Seems this is still an issue. Pretty pathetic really and it's not mentioned anywhere.
+1 on that. This is blocking us from moving to AppSync completely unfortunately 🙁
Please consider adding support for this directly in $cts.request we have use cases around httpOnly cookies will not work by playing the header switching game in the client via javascript. Adding something like cloudfront + edge lambdas just for this is ...terrible.
Hello
I tried to do this either - put a cloudfront + lambda in front of appsync, but it does not work with websocket ( for rest like http requests it does , but not for subscription ).
Did you try this also? Was it successful?

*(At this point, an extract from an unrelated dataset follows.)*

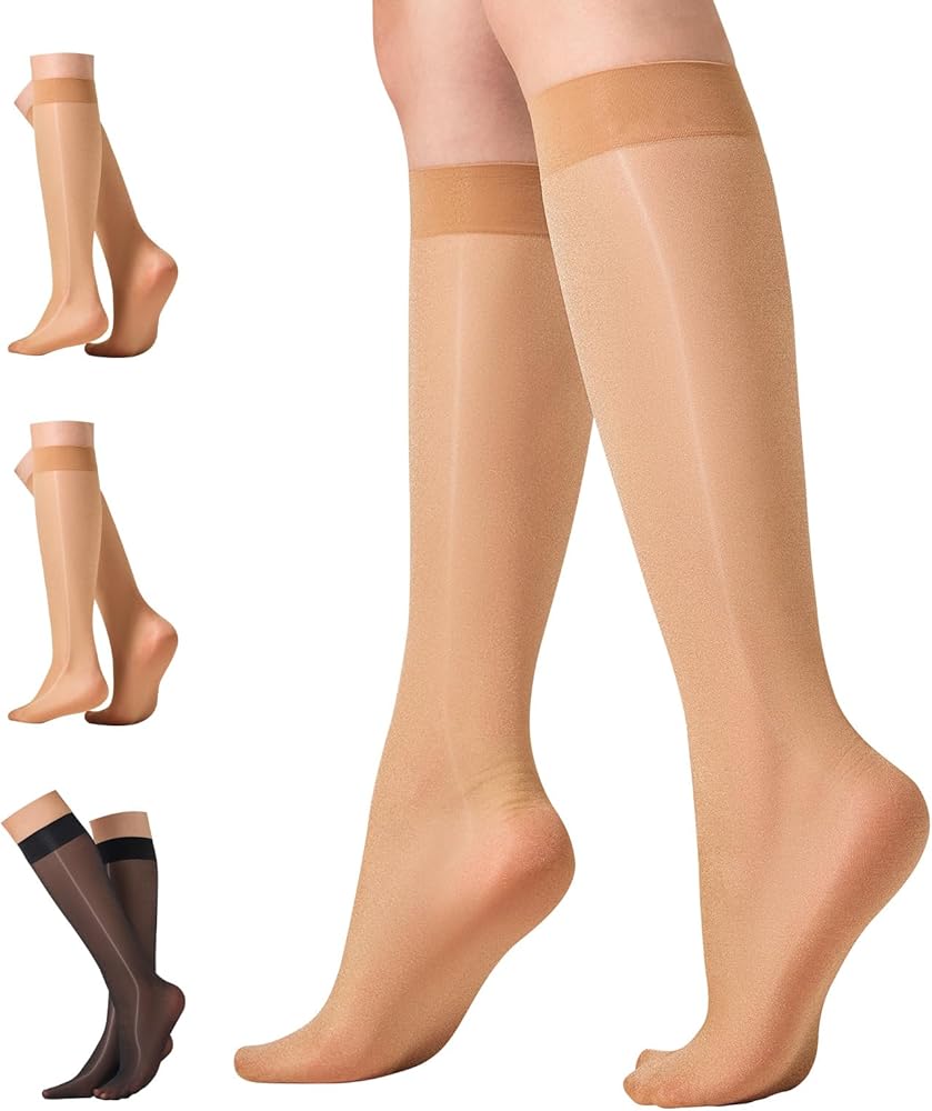 Great Value 3-Pack: These black and nude stretch socks are one size fits all, accommodating US shoe sizes 6 to 8.5. Each box contains three pairs of nylon knee-high socks, available in three packaging options: all black, all nude, and one pair black and two pairs nude.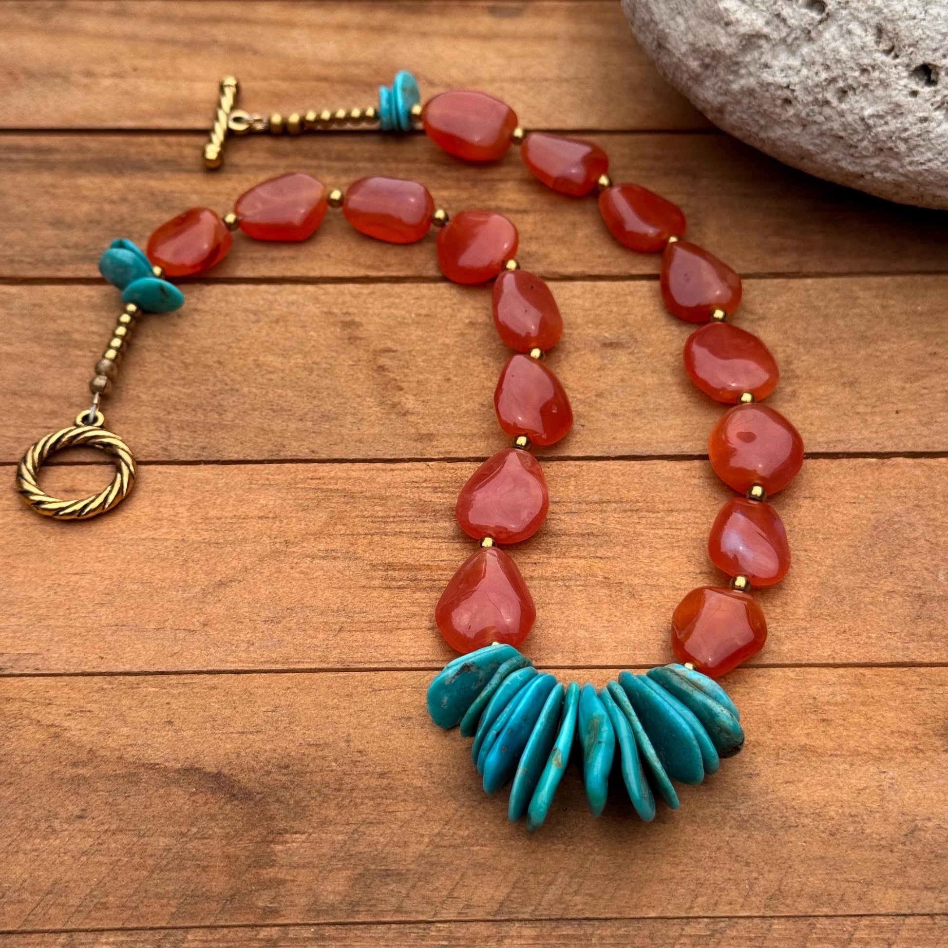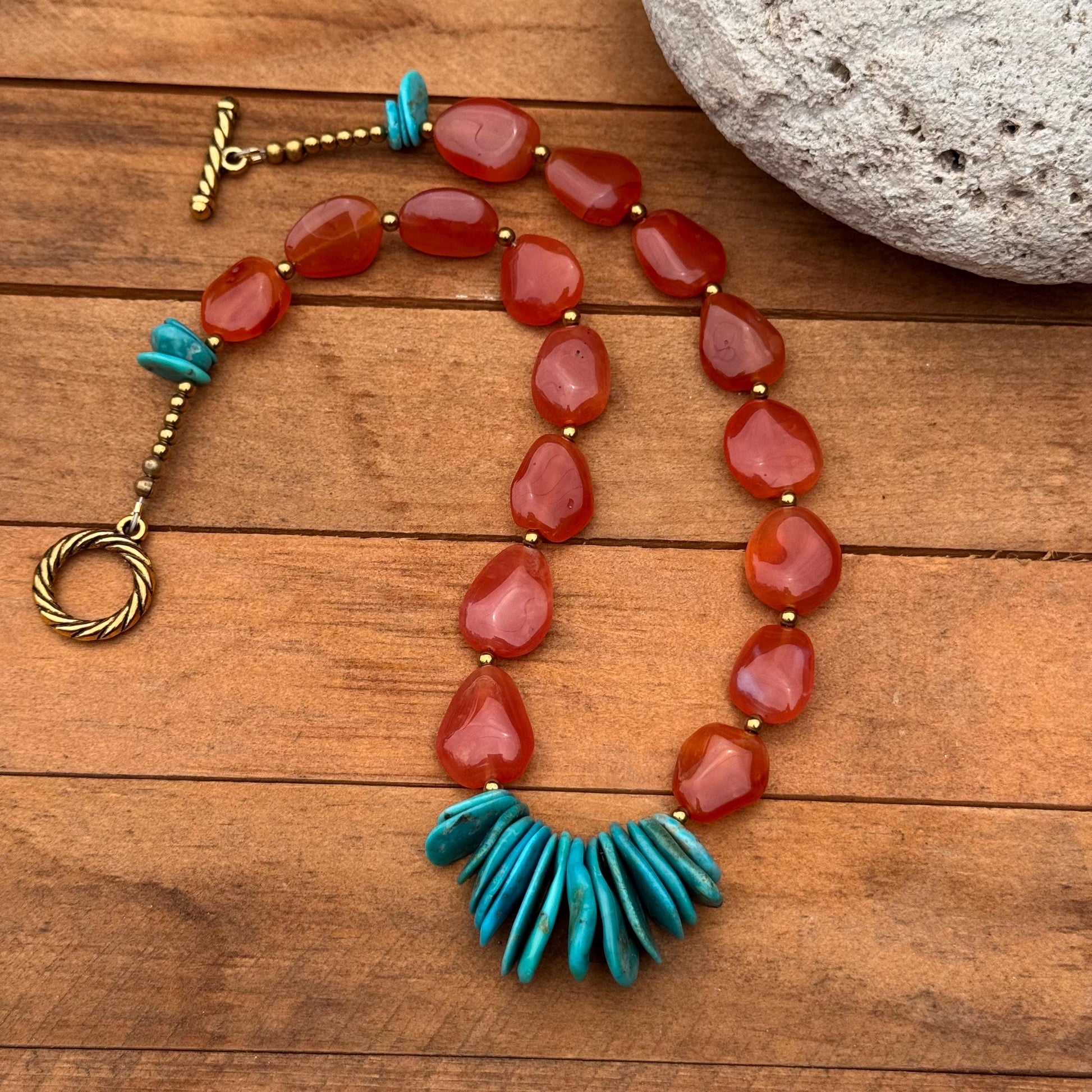 Add a splash of vibrant charm to your look with this genuine turquoise cluster and orange chalcedony necklace by Adriana. Bursting with rich, natural colors, each stone dances with sunny energy and earthy vibes. Perfect for brightening up any outfit, this playful piece brings a pop of color and a touch of handcrafted magic to your jewelry collection. Wear it and let your style shine as boldly as the stones themselves!

thanks in advance regards, Ilya
No news in 3 years?
How can I get the request cookies in an AppSync Javascript Lambda Resolver? It seems that it could be done using a Request Body Mapping Template https://faragta.com/aws-api-gateway/pass-cookie-values-from-api-gateway.html With this VTL call
$util.escapeJavaScript($input.params().header.Cookie)
but I don't know what's the equivalent for Amplify/AppSyncIdeally using configuration files instead of the AWS Console UI.
The use case is reading a request cookie with the
HttpOnly
flag (so it's not accessible in the browser), apply sha256 to that cookie and make a new Http request.